The join method stitches your array's elements together into a string, optionally taking a separator .

The separator is the first parameter, you don't need to supply it. It'll basically "stringify" your array.

[1, 2, 3].join();
// "1,2,3"

If you do supply it, the separator goes in between each element.

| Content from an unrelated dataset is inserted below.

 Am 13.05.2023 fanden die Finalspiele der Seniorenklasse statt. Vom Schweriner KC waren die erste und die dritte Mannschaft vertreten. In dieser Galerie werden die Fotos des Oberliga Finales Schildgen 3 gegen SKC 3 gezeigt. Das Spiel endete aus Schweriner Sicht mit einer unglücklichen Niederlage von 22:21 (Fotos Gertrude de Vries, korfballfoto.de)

[1, 2, 3].join('my separator');
// "1my separator2my separator3"

[1, 2, 3].join(',');
// "1,2,3"

[1, 2, 3].join(', ');
// "1, 2, 3"

[1, 2, 3].join('sandwich');
// "1sandwich2sandwich3"

Let's see how this would fit into our algorithm.

'Ra_Ce_Ca_r   -_-'
    .toLowerCase()
    .match(/[a-z0-9]/g)
    .join('');

// "racecar"

See how doing all that simply recreates the original string without punctuation or mixed casing?

What if we reverse it?

'Ra_Ce_Ca_r   -_-'
    .toLowerCase()
    .match(/[a-z0-9]/g)
    // flip it around
    .reverse()
    .join('');

// "racecar"

That's a palindrome! My name would not be a palindrome.

'yazeed'
    .toLowerCase()
    .match(/[a-z0-9]/g)
    // flip it around
    .reverse()
    .join('');

// "deezay"

Seems we have our solution. Let's see the final code.

The Final Code {#thefinalcode}

function palindrome(str) {
    const alphanumericOnly = str
        // 1) Lowercase the input
        .toLowerCase()
        // 2) Strip out non-alphanumeric characters
        .match(/[a-z0-9]/g);
        
    // 3) return string === reversedString
    return alphanumericOnly.join('') ===
        alphanumericOnly.reverse().join('');
}



palindrome("eye");

Input this and run the tests, and we're good!

all-tests-passed

Summary {#summary}

  1. Lowercase input via str.toLowerCase();
  2. Match all alphanumeric characters using a regular expression via str.match(/[a-z0-9]/g).
  3. Use Array.reverse and Array.join on the alphanumeric matches to compare the original against its reversed self. If they're identical we get back true, otherwise we get back false!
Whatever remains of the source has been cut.